Like pretty much every cartoonist who ever picked up a pen, I worship at the feet of Charles M. Schulz, the master of the simple line.
I’ve written before about my love for the rapidly vanishing newspaper comic. After a steady diet of them as a kid, classic Peanuts strips are embedded in my brain. Even if I last read them 20, 30 years ago, they seem like familiar friends. I read them now less with an eye for the gags (although Schulz could be side-splittingly funny, especially when it came to depicting rage), and more with an eye on the craft.
They say that writing is often the art of chipping away, scraping off the excess to find the truth underneath all those fluttering words. In my work as a journalist, you’re trained to get to the point. Every single panel by Schulz feels like the point – comic art stripped to the barest essentials.
When I first started drawing my own little silly comics years ago, I took my inspiration from superhero superstars Neal Adams, John Byrne and particularly the insanely detailed crosshatch-filled black-and-white work of Dave Sim and Gerhard on Cerebus. I did a fairly awful job of imitating these far better artists, because I didn’t have the base of skill underneath.

Even though I loved Peanuts, if you’d asked scribbling young Nik if Schulz was a great artist, he might’ve said no, but he was a good cartoonist. But now I see clearly the detail in his design, how he could dash off a few lines to clearly delineate a house, a brick wall, a kite-eating tree, a doghouse, and it worked.
Have you ever tried to actually draw Charlie Brown, or Snoopy, like Schulz did? Most budding cartoonists give it a try, and it’s harder than it looks. I’ve done a few Peanuts pastiche/homage comic strips over the years, and every time it’s like learning to draw with a new limb:

You look at his earlier strips, and there was a more ornate feeling to the art, with some tricky perspective shots and more detailed backgrounds that were gradually abandoned as the strip shrunk in scope, but widened in its emotional palette. By the time Schulz hit his stride by the mid-1960s, he’d refined Peanuts to the point of abstraction. Things got weird – a kite-eating tree? A bird who spoke in scratch marks? Snoopy becomes a helicopter? – but because of Schulz’s humble everyman style, the surrealism of Peanuts always seemed downright cozy.
There’s other cartoonists who went equally spare, like Crockett Johnson’s Barnaby (Barnaby surely a distant relative of Charlie Brown?). More recently, Jeff Smith’s Bone always dazzled me with its simple, clear lines. Yet many other remaining gag cartoons like Wizard Of Id or Family Circus or Dennis The Menace were simply drawn, but never quite managed the deep control and deceptive depth Schulz could with his art.

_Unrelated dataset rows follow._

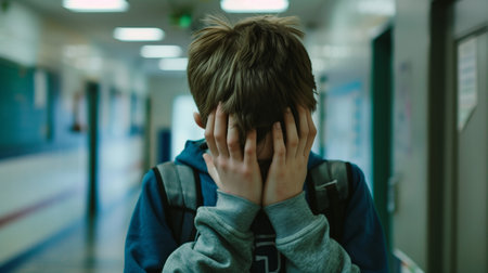 Sad unhappy teenage boy covered his face with hands standing alone in school corridor. Stress, bullying and mental problem in childhood. Generative ai.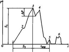 В точке 3 поднимается игла форсунки. При этом давление падает, поскольку высвободившийся объем не успевает заполниться топливом, а затем снова повышается до определенной величины. Точка 4 на большой частоте вращения коленчатого вала двигателя может характеризовать максимальное давление процесса впрыска. Однако для нормального процесса в режиме холостого хода это давление обычно фиксируется по характерному пику точки 3. В точке 5 происходит "посадка" иглы форсунки и впрыскивание заканчивается, после чего происходит "посадка" в седло нагнетательного клапана плунжера. Импульсы остаточного давления (6) появляются в результате недостаточной герметичности нагнетательного клапана. Величина сигнала S1 определяет затяжку пружины форсунки и статическое давление начала впрыска. Перепад давления DР характеризует подвижность иглы форсунки. Путем интегрирования на периоде впрыска tвпр можно оценить цикловую подачу топлива. Время задержки впрыска S2 характеризует зазор в плунжерной паре, вызывающий утечку топлива между гильзой и плунжером.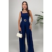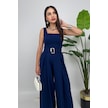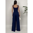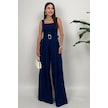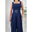 Noir Flow Kadın Lacivert Kemerli Askılı Bol Paça Tulum Zarif Şıklık Lacivert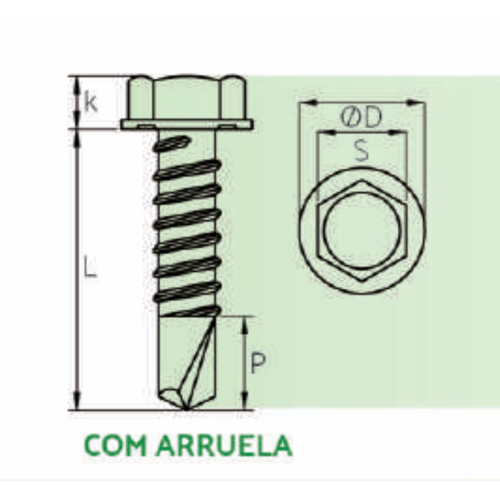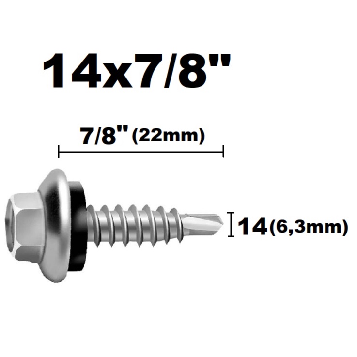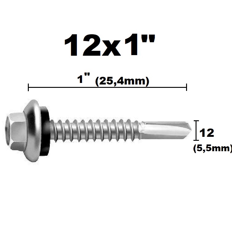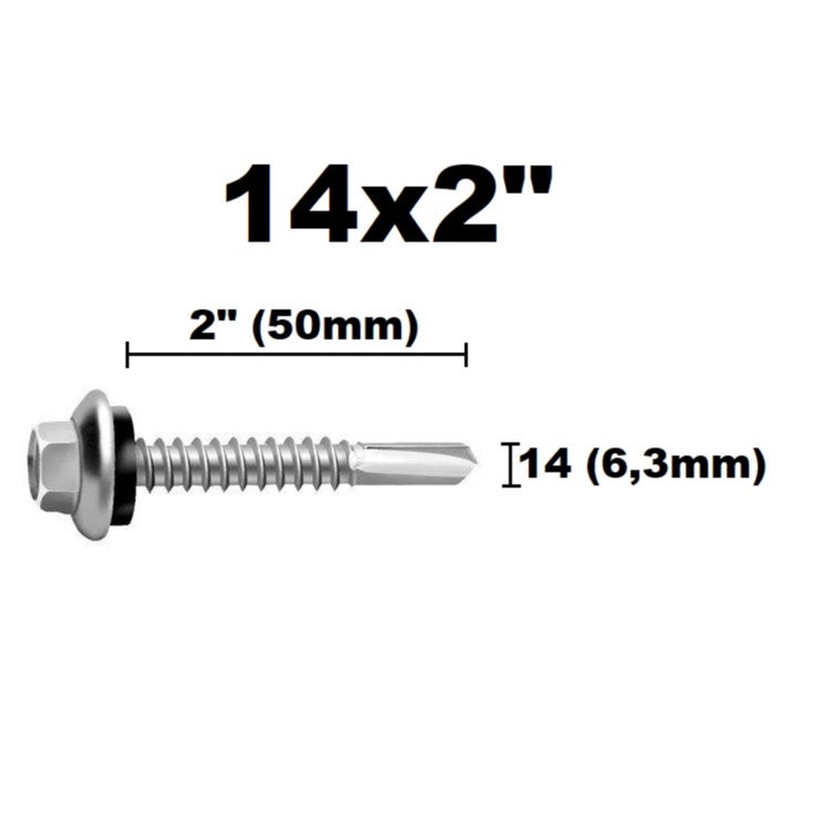 Parafuso Auto Brocante Sextavado Telha 12x3/4 - 12x1- 12x2 - 14x3/4 - 14x7/8 - 14x2 com Arruela - 10 PEÇAS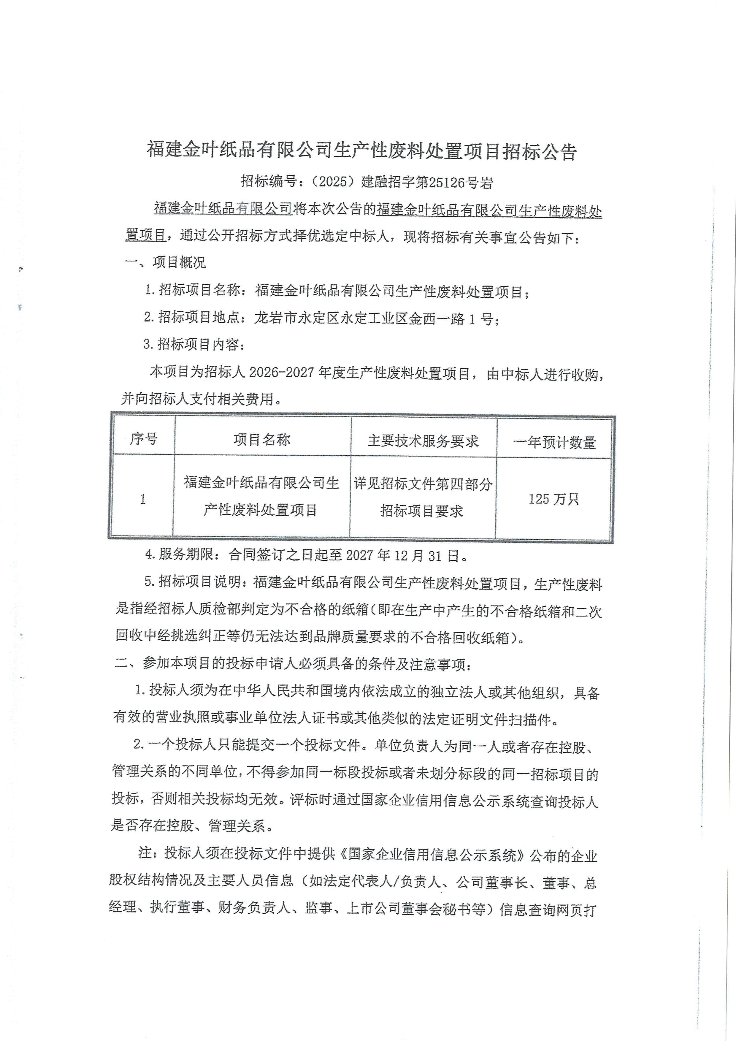 福建金葉紙品有限公司生產(chǎn)性廢料處置項(xiàng)目招標(biāo)公告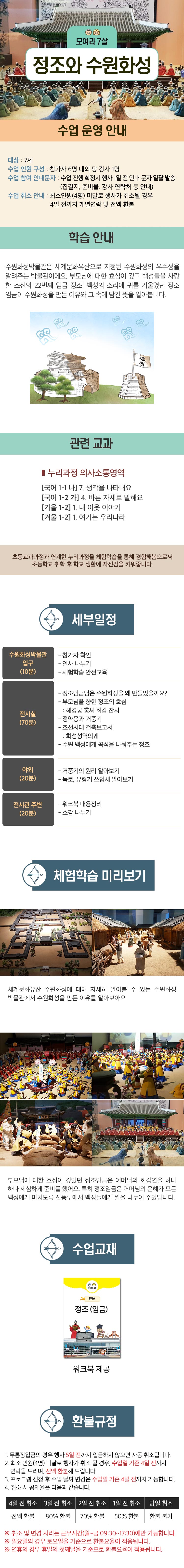 ㆍ시간 : 오전 10:00~12:00, 오후 14:30~16:30 (날짜별로 상이) ㆍ만나는 장소 : 수원화성박물관 입구 ㆍ회비 : 1인당 38,000원
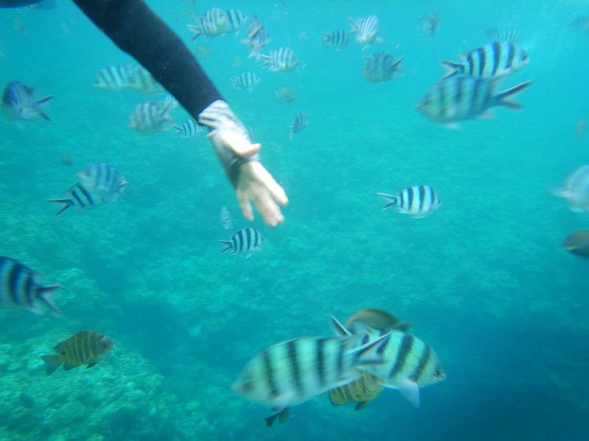 曇りでしたがそれでも海は綺麗で、餌やりに魚は思った以上に集まってくれて興奮します。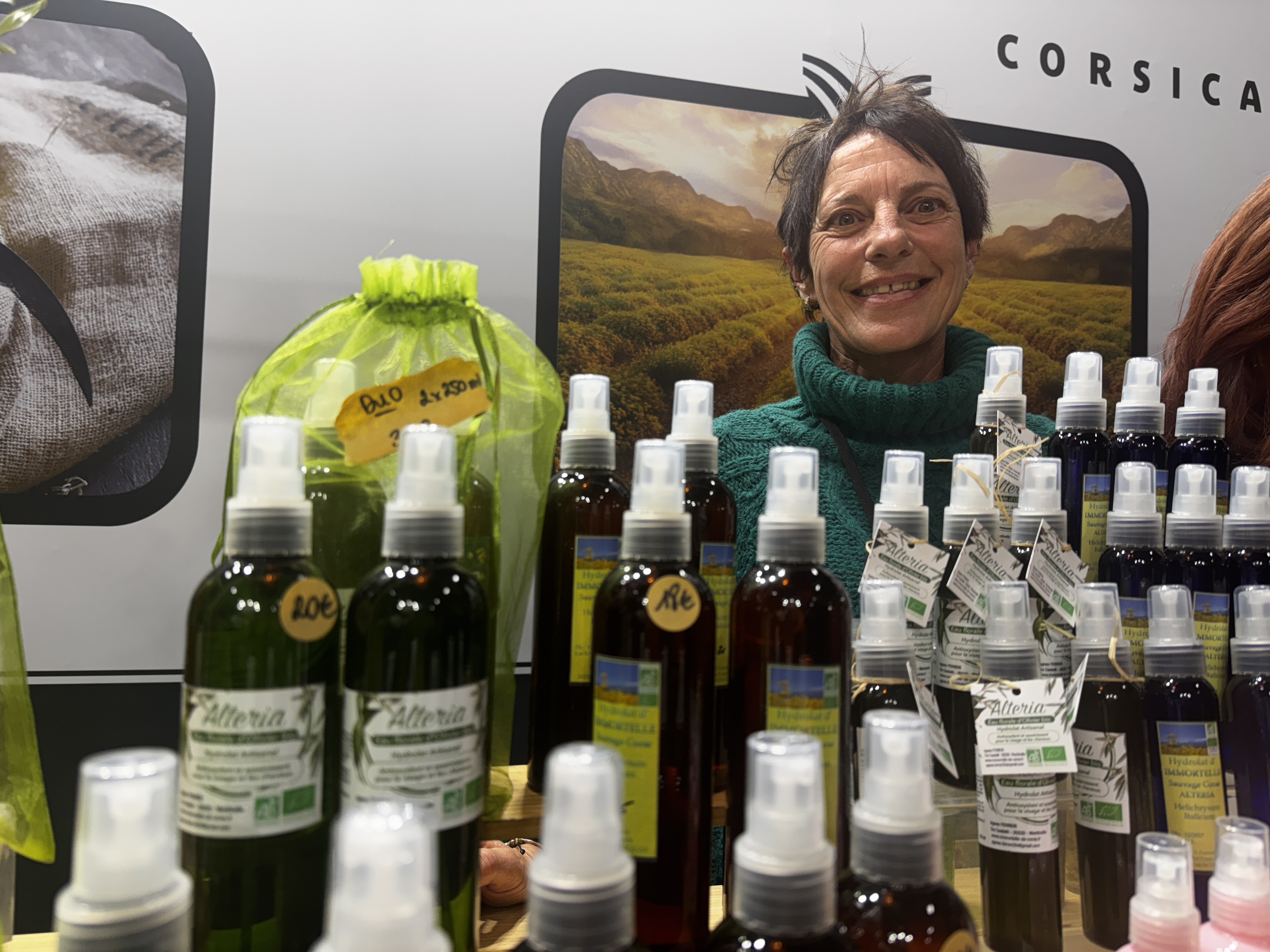 À quelques pas, Agnès Ferreri ne cache pas sa joie. La productrice de cosmétiques naturels basée à Monticellu expose pour la huitième année. Une façon pour elle d’avoir une vitrine sur le continent. « Je fais tester l’eau d’immortelle ou celle de fleur d’olivier, les gens achètent et ensuite ils commandent sur mon site Internet. Cela me rapporte chaque année environ 10 % de clientèle supplémentaire », assure-t-elle avant d’être interrompue par une cliente.

Schulz’s smooth line got sadly shaky in his final years of Peanuts, due to health problems. The easy effortless lines of the strip’s peak gave way to an old man’s more hesitant form. Yet the DNA of a master craftsman was still there in every panel, despite his struggles.
But boy, when he was at his best – which to be honest, was for most of Peanuts’ staggering 50-year-run – Charles Schulz laid down a line that many would imitate, and few would ever better.